Any at UnitRange seems unoptimal

Marcell_Havlik · October 13, 2022, 9:05am

Hey Julianners!

One of the most used struct UnitRange.
I feel something is odd here. Why we have Any[Core.Const(1), Int64]? This sounds pretty unoptimal.

using InteractiveUtils
unitrange_any(N) = begin
	c=1:N
end

unitrange_any(6)
@code_warntype unitrange_any(6)

MethodInstance for unitrange_any(::Int64)
  from unitrange_any(N) in Main at /home/hm/repo/agei/tests/playground/core.partialstruct.jl:2
Arguments
  #self#::Core.Const(unitrange_any)
  N::Int64
Locals
  c::UnitRange{Int64}
Body::UnitRange{Int64}
1 ─ %1 = (1:N)::Core.PartialStruct(UnitRange{Int64}, Any[Core.Const(1), Int64])
│        (c = %1)
└──      return %1

Shouldn’t we use Tuple{Core.Const, DataType}? Or due to Core.Const(1) the number 1 cannot be represented enough well and we would lose some performance due to lack of optimisation for that case?
So why we use Any[] arrays? (I know the two type differs… but this is the case when we should use Tuple where it can keep all of it.

Specifically for UnitRange we know that, there will be about 1 or 2 parameter so Tuple should be pretty straightforward for me.

Sukera · October 13, 2022, 9:36am

Core.PartialStruct is not a special construct for UnitRange - it’s used in lots of different cases.

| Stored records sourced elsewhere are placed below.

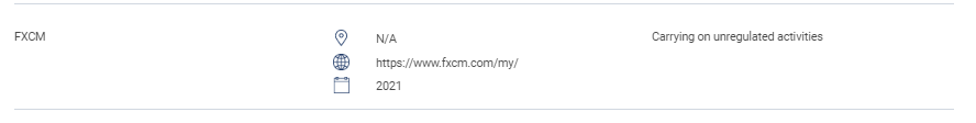 «данный раздел содержит список неавторизованных веб-сайтов, инвестиционных продуктов, компаний и частных лиц. В этот список входят: лица, осуществляющие или выдающие себя за осуществление следующих регулируемых видов деятельности без лицензии SC: операции с ценными бумагами; операции с деривативами; управление фондами, консультирование по корпоративным финансам, консультирование по инвестициям, финансовое планирование и участие в частных пенсионных схемах, лица, работающие на признанном рынке без разрешения, лица, выпускающие или предлагающие ценные бумаги без одобрения, разрешения или признания, лица, злоупотребляющие логотипом sc и представляющие ее в ложном свете. " FXCM нет https://www. FXCM .com/my/ 2021 ведение нерегулируемой деятельности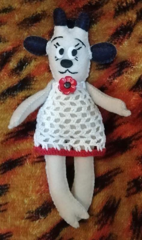 Кізка іграшка з фетру, наповнювач холлофайбер. Сукня пов'язане гачком. Довжина 15см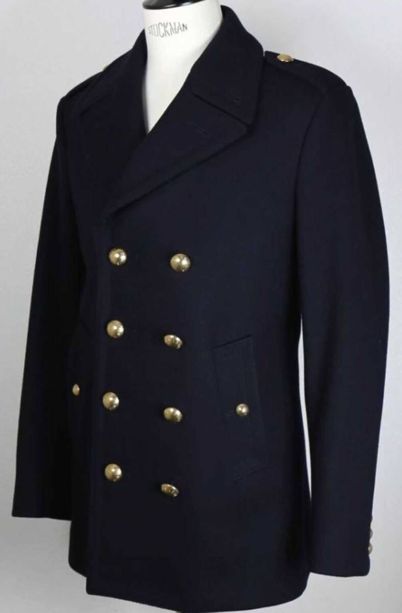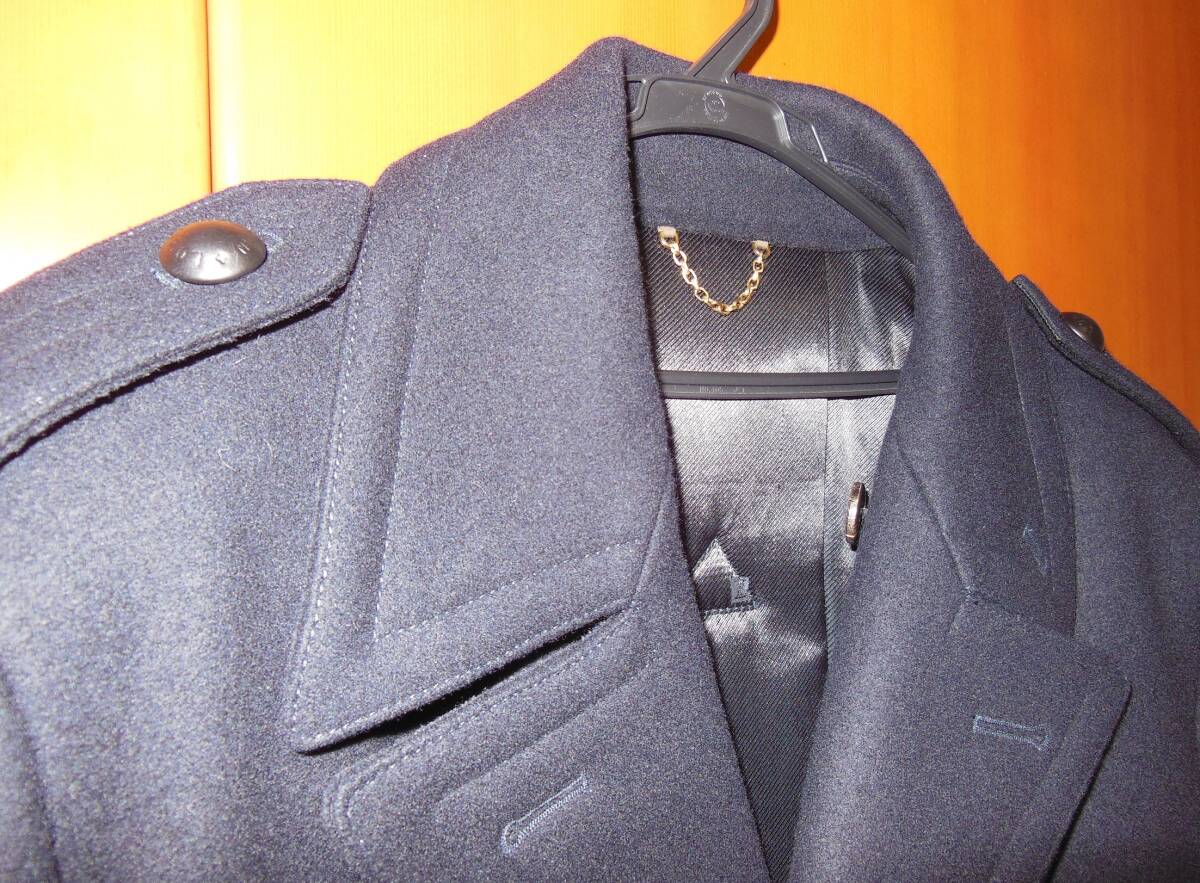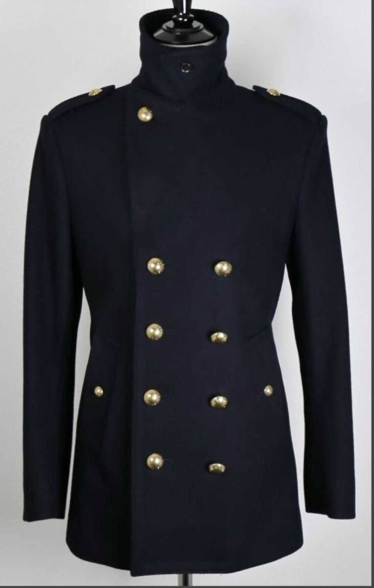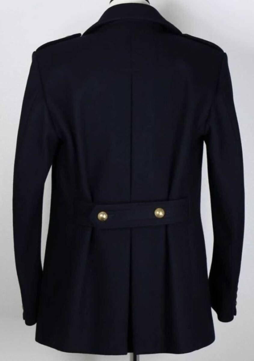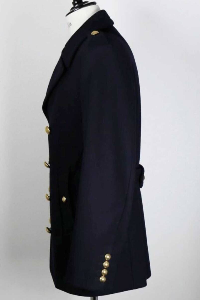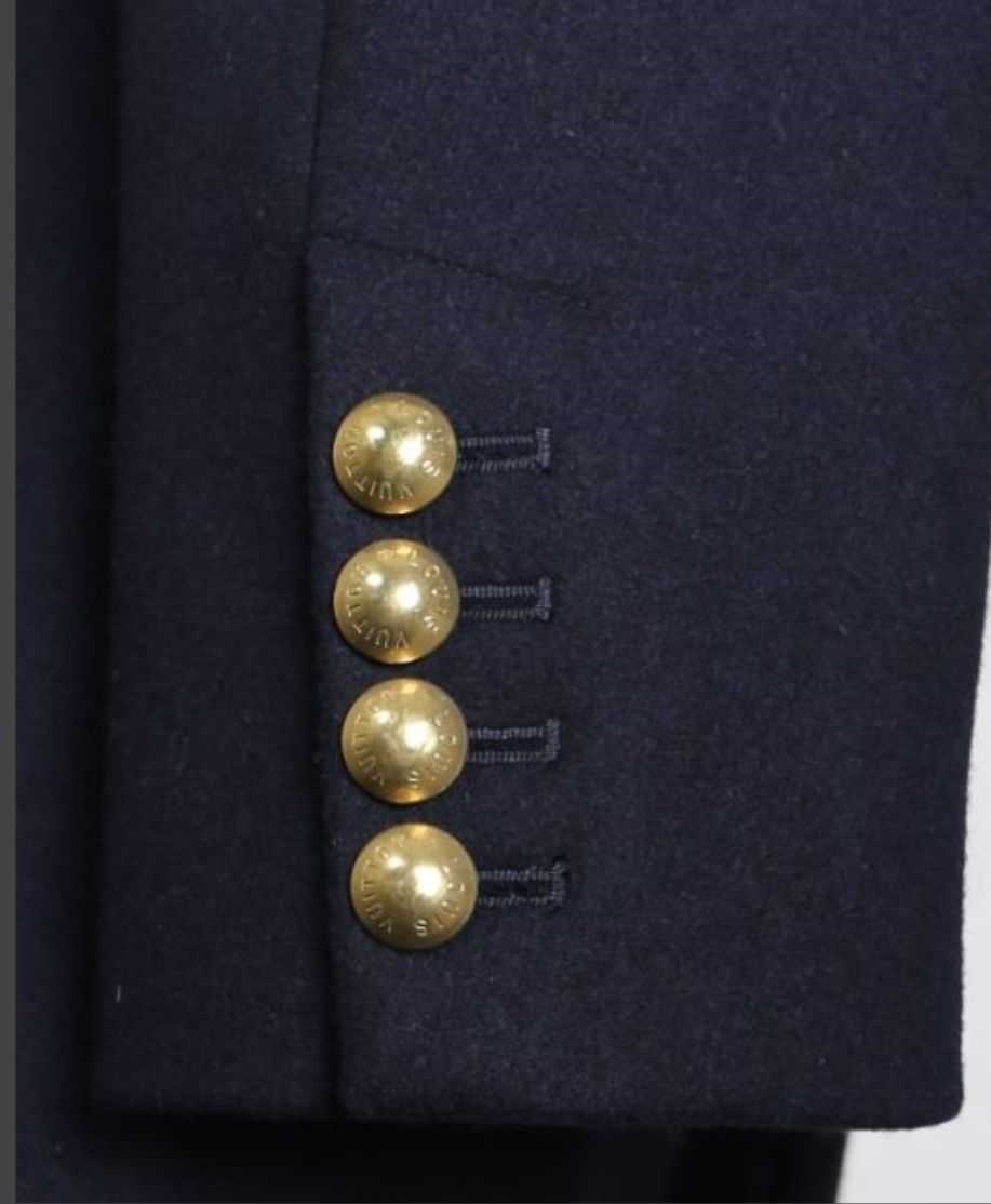 素材はウール80%、カシミア20%で、色は濃紺です。全てのメタルボタンにロゴが入っています。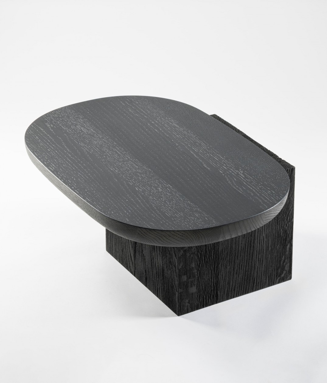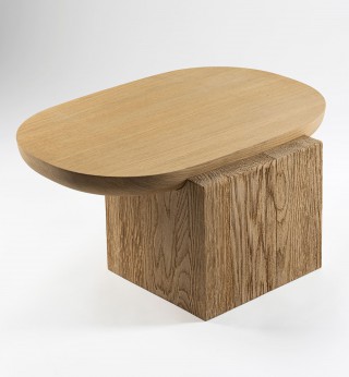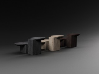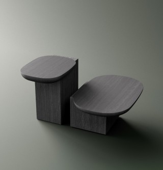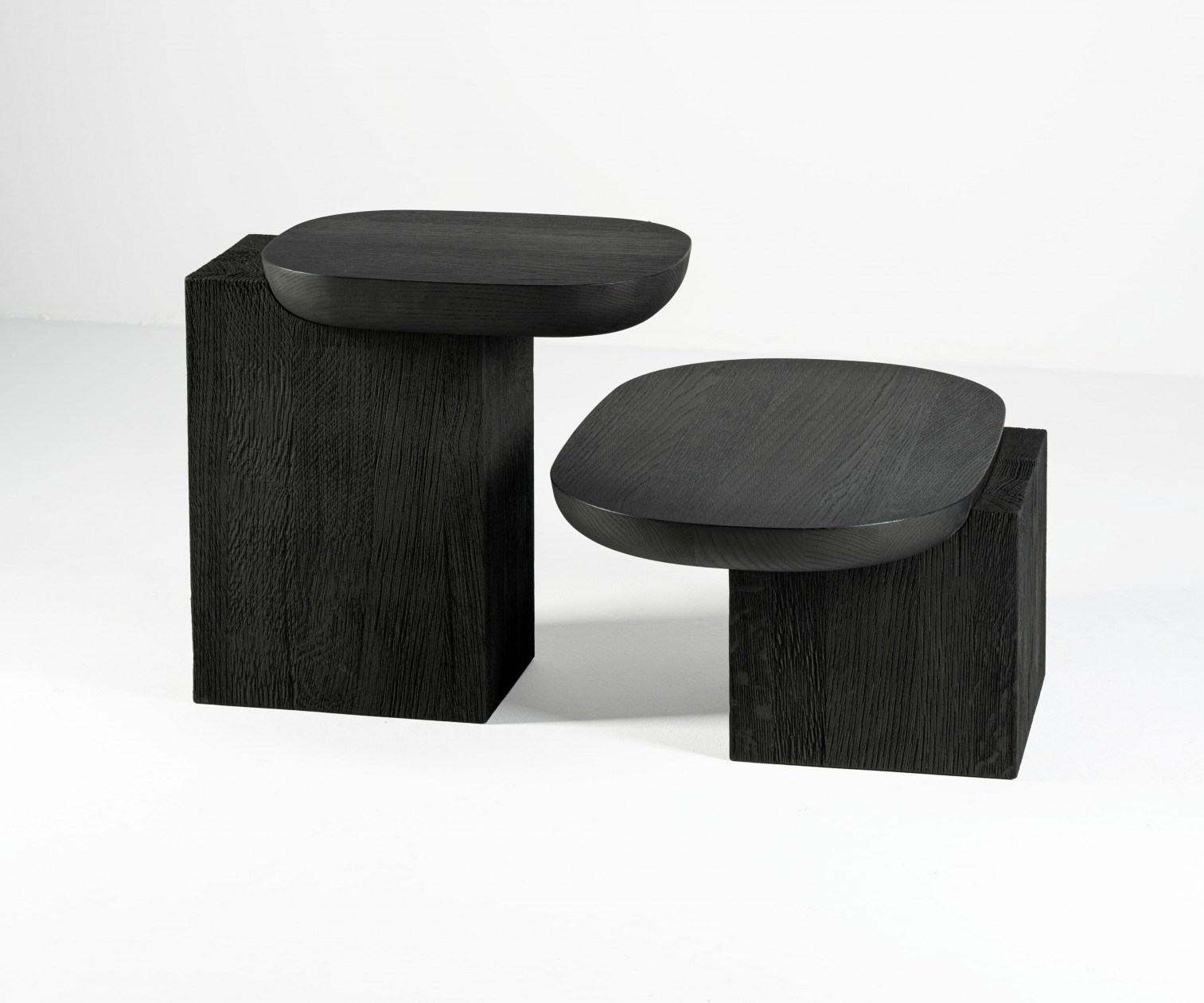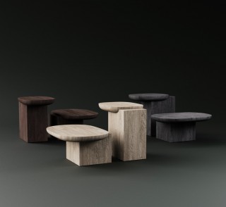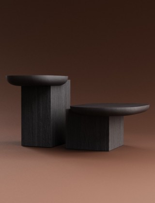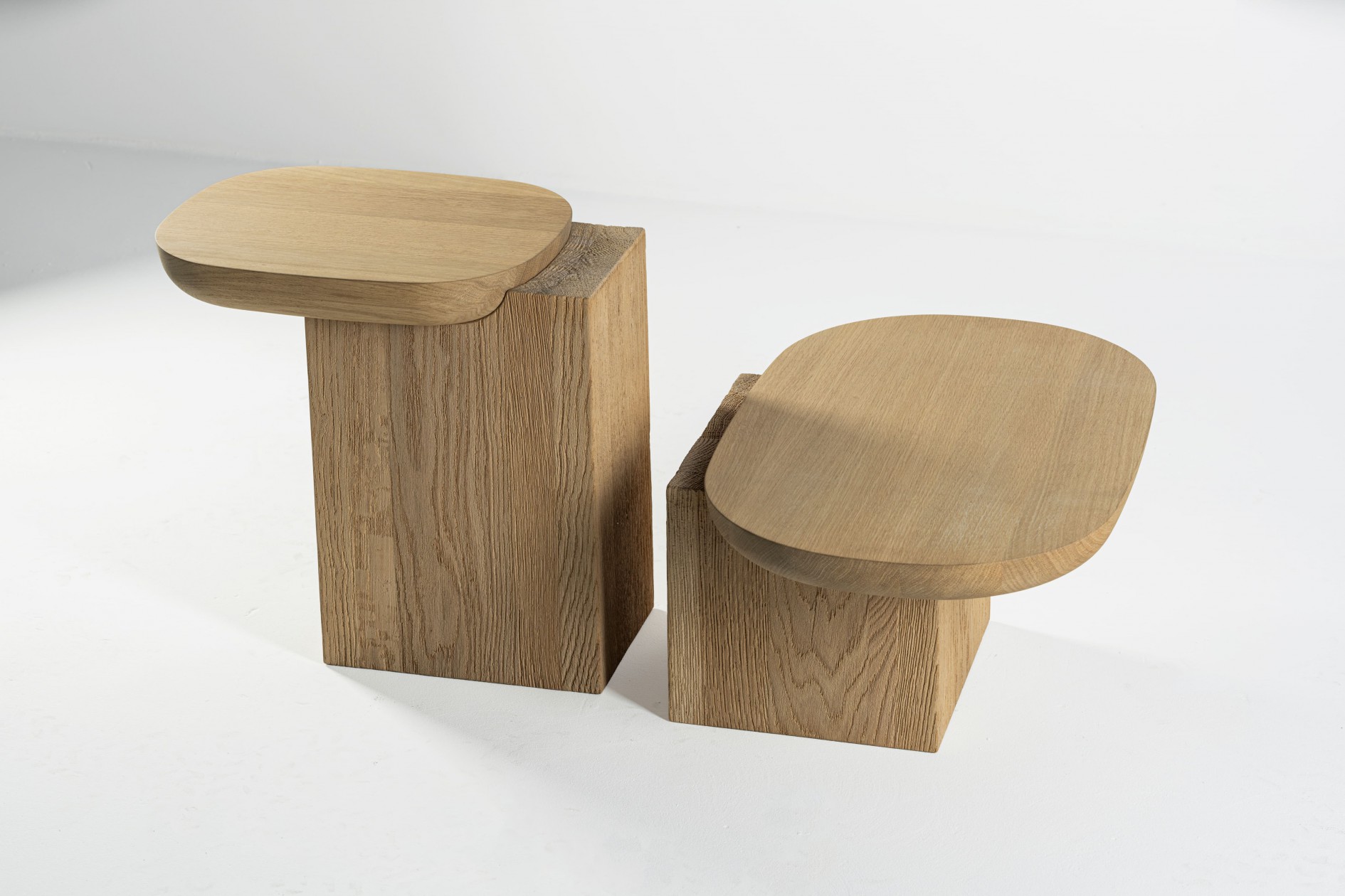 This dialogue between mass and delicacy, or at least a certain lightness since both parts of the tables are made of solid wood, is also a dialogue between stability and balance. This is even more evident in the smaller side tables, where the tops seem to float. This impression is reinforced by the way they are visually connected to their base, as they seem to rest in a groove without being fully supported. The tabletops give the impression that they are trying to reach for something, much like the tray held by a waiter who is about to serve you in a restaurant.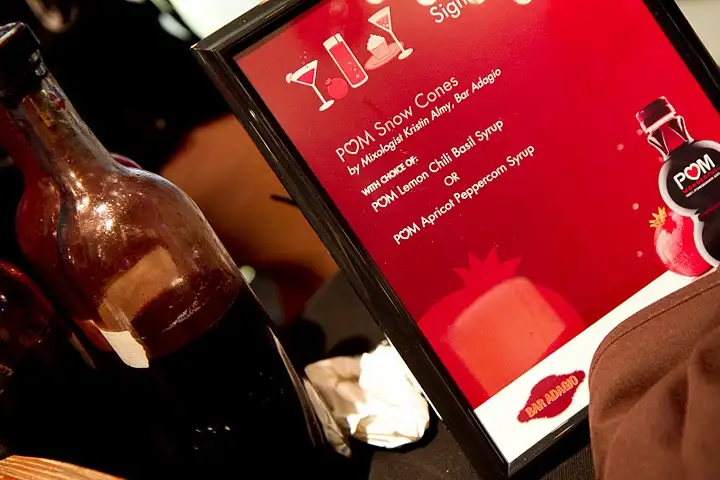 Surprising refresher in POM (pomegranate liqueur) Tent during a warm Saturday by Kristin Almy of Bar Adagio: POM Lemon Chili Basil or Apricot Peppercorn Snow Cones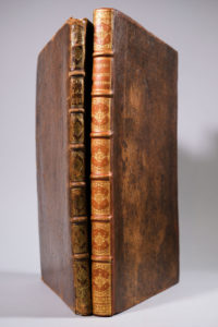 Auboin & F. Clouzier, 1675. [8] f. (dont le frontispice), 152 p., [2] f. (table), fig., veau havane glacé époque, dos à 6 nerfs, titre doré, caissons ornés (coiffes arasées, nerfs et coupes frottés, 2 coins émoussés ; garde sup. manquante ; trav. de vers en marge de la p.39 à la fin ; brunissures, salissures légères, essais de plume p.72, tache pl. XIV). Illustré d'un frontispice, de 24 figures à pleine page, et de 6 vignettes, le tout gravé sur cuivre par De La Boissière. Provenance : François Botet à Phalsbourg (mention manuscrite sur la garde inf. et sur la planche XI). Seconde et troisième parties : A Paris, chez l'auteur & [N. Langlois, masqué par une pièce de papier], 1683. [6] f., 312 p., fr., fig., veau brun époque, dos pastiche fauve, coins et coupes restaurés (accroc à une coupe ; front. et titre un peu défraîchis, brunissures sporadiques, mouillure dans les marges latérales ; il manque la planche double). Un frontispice gravé sur cuivre, et plus de 110 figures dans le texte gravées sur bois ou sur cuivre. Provenance : JB Leroux (signature ancienne en marge du front.).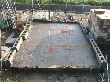 2002.3.14 用水路に溜まっている泥砂を一輪車で運び、水、セメントを混ぜてコネテコネテ混ぜて混ぜて。 やっと基礎部分をセメントで固めました。(セメント25kg*2袋)1000円也 これだけの事をするにも、ヘトヘト。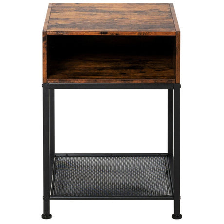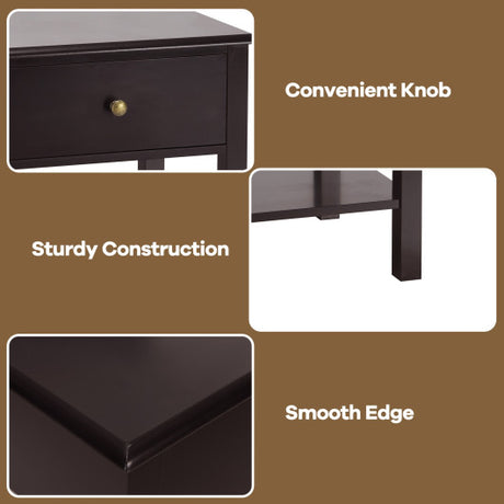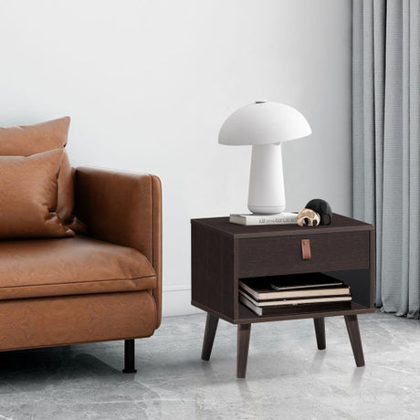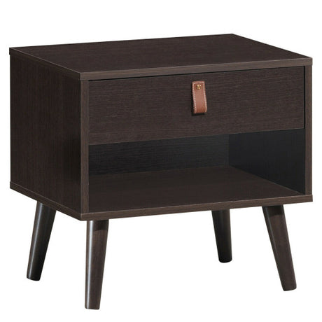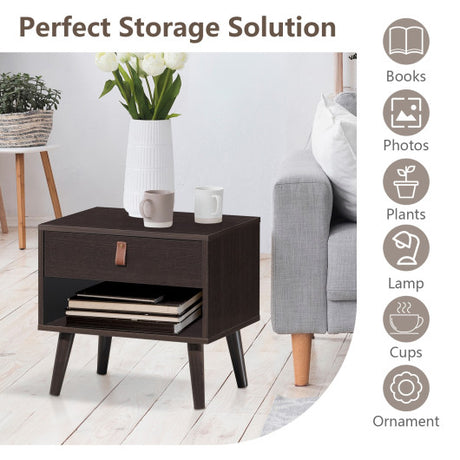 Nightstand Bedroom Table with Drawer Storage Shelf-Brown

If it would use a Tuple internally, code using it in the compiler would have to be recompiled for different instances. So using a Vector{Any} here is a hidden optimization in terms of compile time for the general case.

It’s also not related to anything happening at runtime here.

Marcell_Havlik · October 13, 2022, 9:39am

I think Vector{Any} won’t recompile as actually there is nothing to optimise when the internals are Any.

But taking it seriously, I have to modify the question and throw the noise of PartialStruct away, it isn’t the point here indeed. (I will modify the question, so the function name is unitrange_any from now.)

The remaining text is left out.